The kurtosis analysis of total field trials reveals that the actual density of yearly distributions of field trials (blue line) into the system closely adheres to the estimated density of yearly distributions of field trials (red line). The total number of field trials over time (1988 to 2010) has a kurtosis value of 2.1. This value is lower than the normal kurtosis value of 3, but it indicates that despite being slightly platykurtic, the distribution of cases is relatively normal. This indicates that the number of field trials were distributed from 1988 to 2010 in Canada occurred at a relatively incremental rate, which increased over time as expected. Despite how the distribution of the number of field trials appears in Figure 3, the inputs into the system have a relatively normal distribution.

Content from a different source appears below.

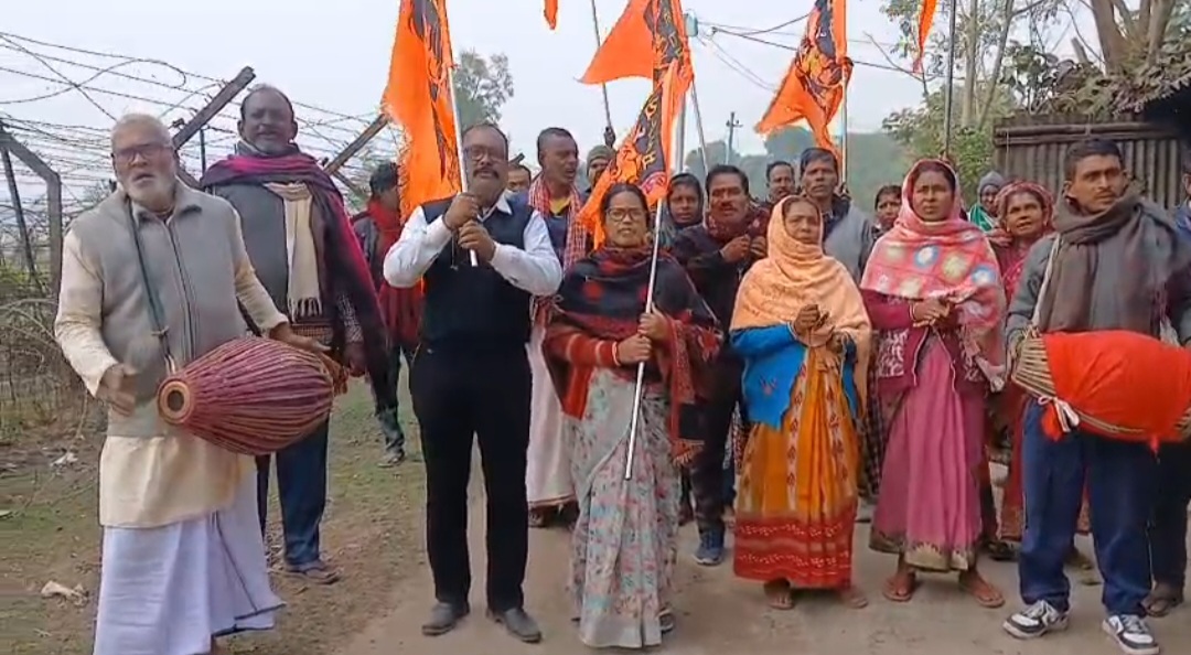 দিপু দাস হত্যার প্রতিবাদে ভারত-বাংলাদেশ সীমান্তে খোল–করতাল হাতে স্লোগান।

If the distribution of outcomes (PNT approvals) from a decision-making system reflects the normal distribution observed among inputs, we would expect to see the distribution of outputs from the regulatory system for PNTs to adhere to the normal distribution curve. Figure 6 is the graphical representation of kurtosis analysis on approvals data as expressed by KDE. The red line in Figure 6 represents the estimated density of yearly distributions of PNT approvals. The blue line is the actual density of yearly distributions of PNT approvals. The blue line indicates a clustering (peak) of approvals at 4.3 in some years, and lower than expected rates of approval in others at the 11 point. The kurtosis value for the gross total (an aggregate of all crop types by year) PNT approvals is 4.8. The distribution curve is leptokurtic, implying that the distribution has a high peak, weak shoulders and longer tails compared to a normal distribution curve. What we find instead of a gradual, evenly distributed population of cases is clustering in the distribution of outputs—a distribution curve with a high peak and more than normal cases of outliers. The distribution of approvals between 1994 and 2010 does not follow a normal distribution curve, and does not demonstrate a normal distribution as generally found in the distribution of field trials over time.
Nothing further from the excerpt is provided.